Instructions to follow: Restate each of the lines below word for word and drop every picture.

Supplied information:

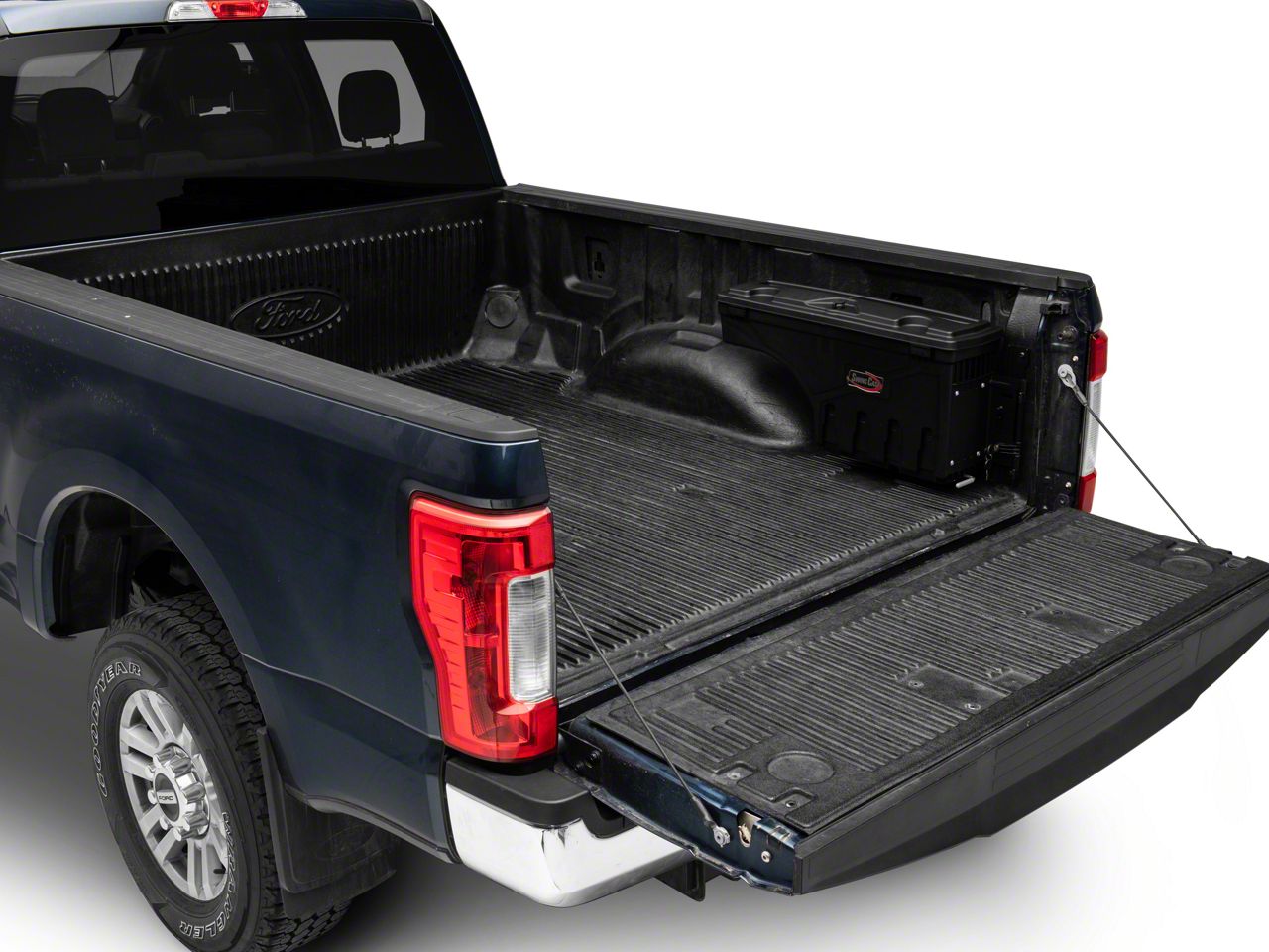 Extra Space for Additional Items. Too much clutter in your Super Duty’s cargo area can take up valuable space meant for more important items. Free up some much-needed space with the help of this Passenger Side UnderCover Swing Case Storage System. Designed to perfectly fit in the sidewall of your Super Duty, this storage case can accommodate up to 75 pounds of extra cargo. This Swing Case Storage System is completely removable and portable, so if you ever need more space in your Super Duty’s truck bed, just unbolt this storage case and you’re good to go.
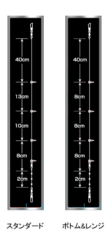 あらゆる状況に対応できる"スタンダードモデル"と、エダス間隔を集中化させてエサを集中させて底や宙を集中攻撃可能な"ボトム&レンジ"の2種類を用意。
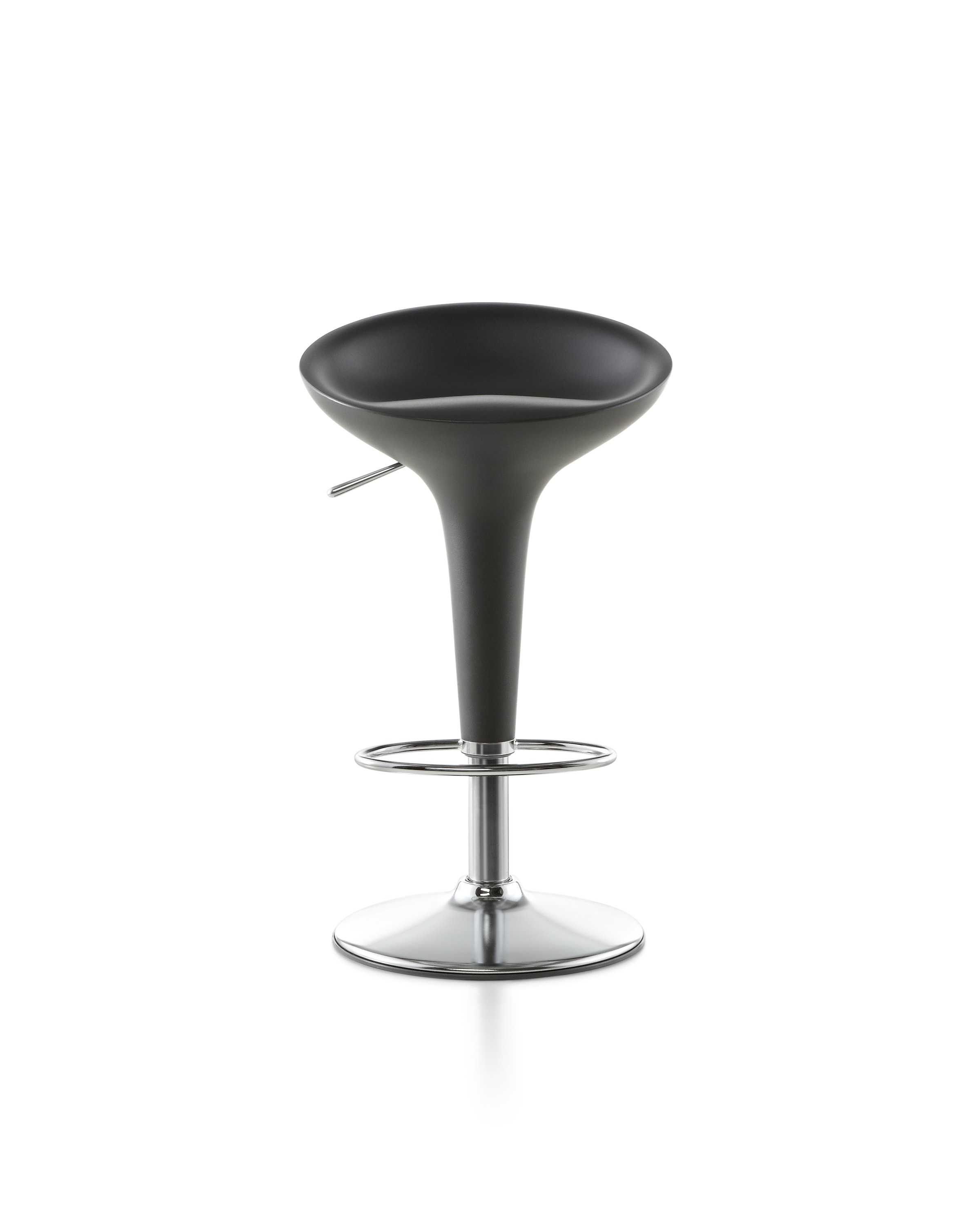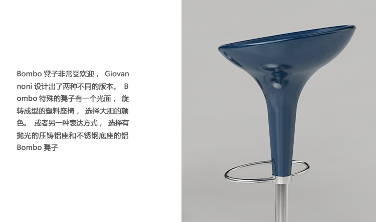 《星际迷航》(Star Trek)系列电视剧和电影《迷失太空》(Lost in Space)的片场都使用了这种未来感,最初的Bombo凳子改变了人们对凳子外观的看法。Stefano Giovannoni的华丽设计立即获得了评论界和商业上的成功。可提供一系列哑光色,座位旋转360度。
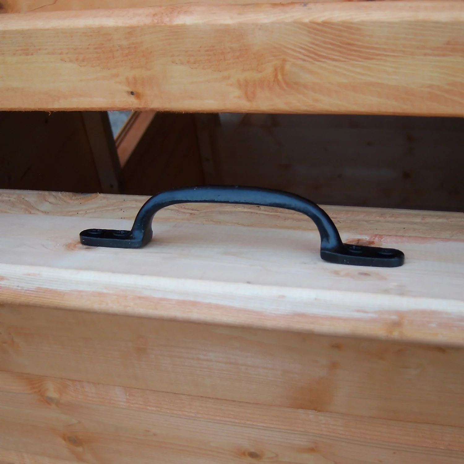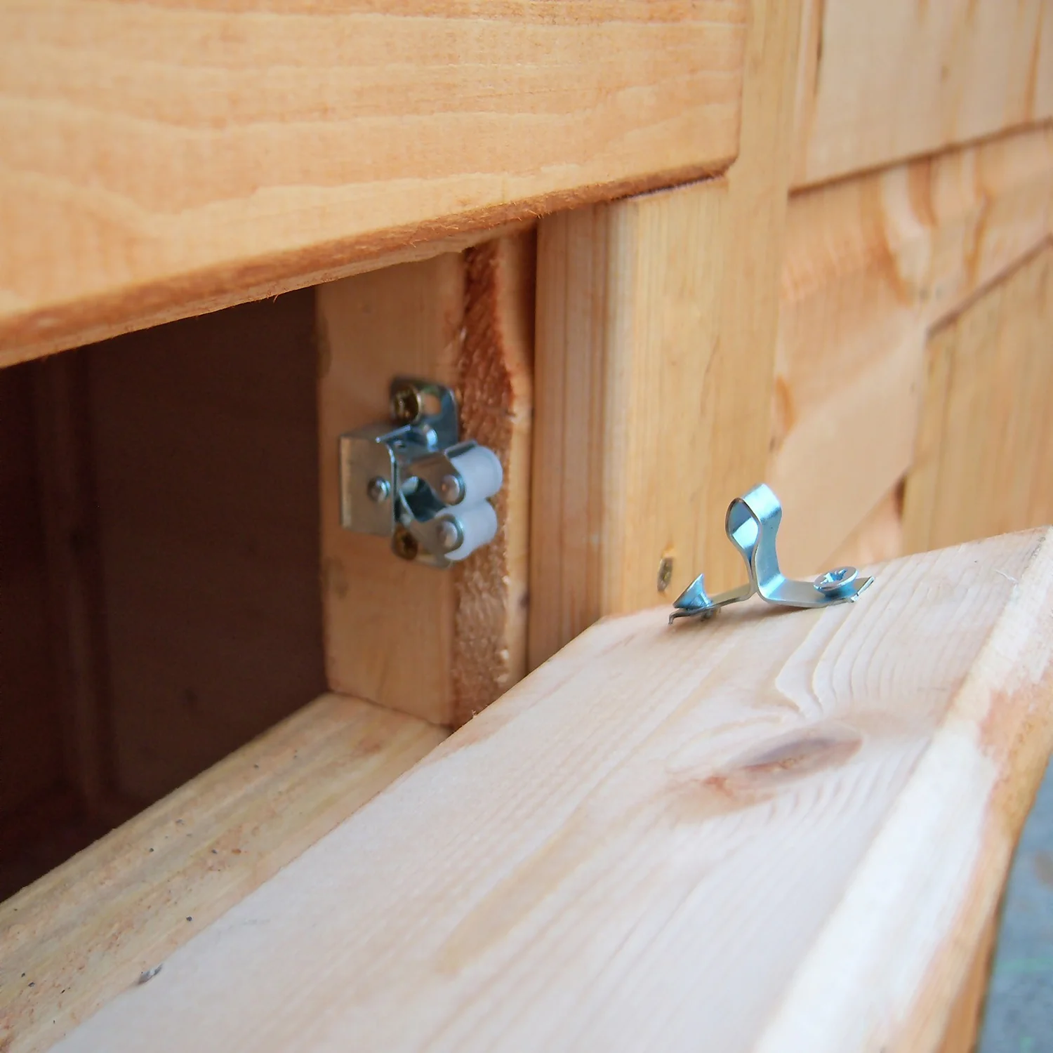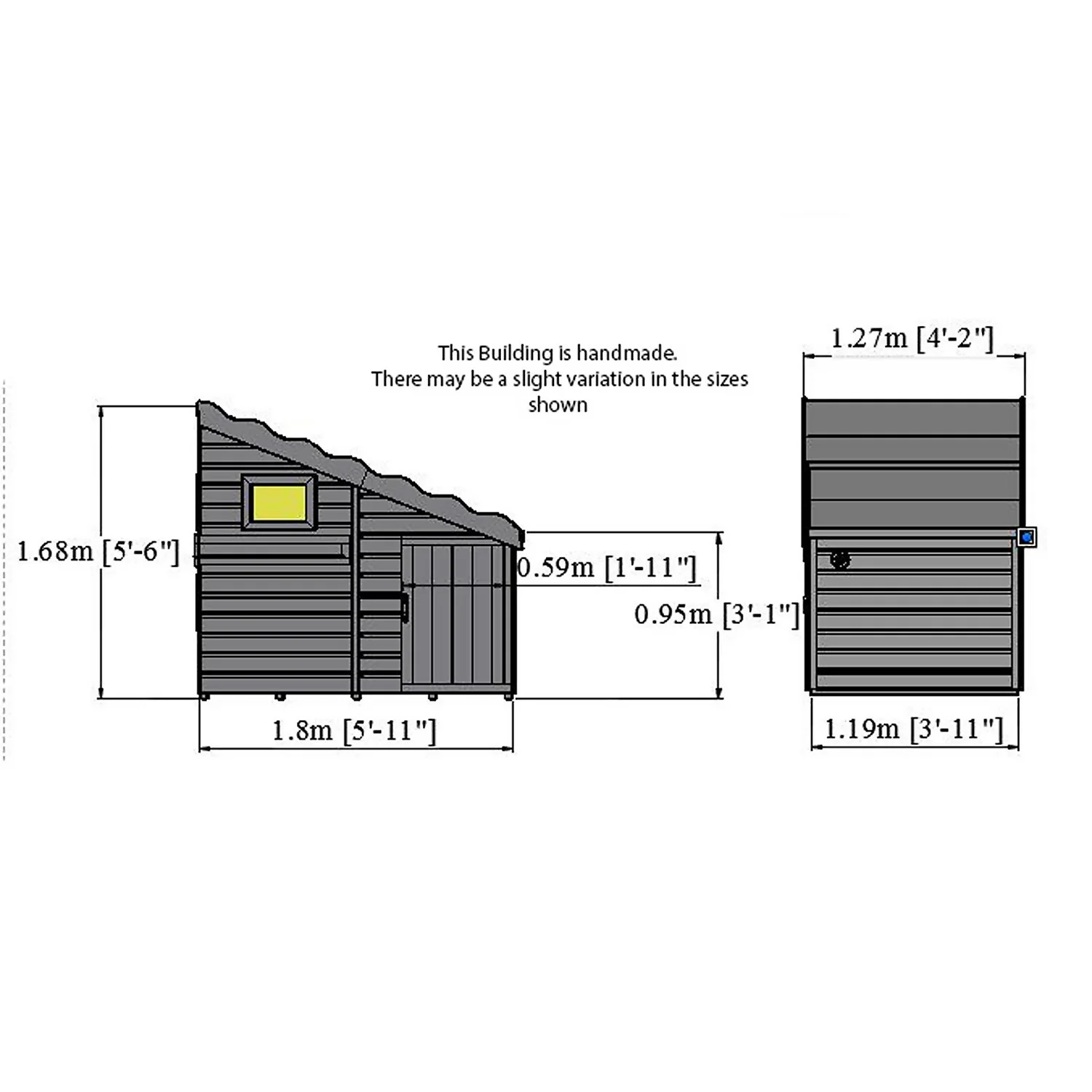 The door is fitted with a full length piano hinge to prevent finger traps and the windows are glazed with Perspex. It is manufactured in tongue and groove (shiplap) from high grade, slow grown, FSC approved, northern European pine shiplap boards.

Solution for this task:
 Extra Space for Additional Items. Too much clutter in your Super Duty’s cargo area can take up valuable space meant for more important items. Free up some much-needed space with the help of this Passenger Side UnderCover Swing Case Storage System. Designed to perfectly fit in the sidewall of your Super Duty, this storage case can accommodate up to 75 pounds of extra cargo. This Swing Case Storage System is completely removable and portable, so if you ever need more space in your Super Duty’s truck bed, just unbolt this storage case and you’re good to go.
 あらゆる状況に対応できる"スタンダードモデル"と、エダス間隔を集中化させてエサを集中させて底や宙を集中攻撃可能な"ボトム&レンジ"の2種類を用意。
 《星际迷航》(Star Trek)系列电视剧和电影《迷失太空》(Lost in Space)的片场都使用了这种未来感,最初的Bombo凳子改变了人们对凳子外观的看法。Stefano Giovannoni的华丽设计立即获得了评论界和商业上的成功。可提供一系列哑光色,座位旋转360度。
 The door is fitted with a full length piano hinge to prevent finger traps and the windows are glazed with Perspex. It is manufactured in tongue and groove (shiplap) from high grade, slow grown, FSC approved, northern European pine shiplap boards.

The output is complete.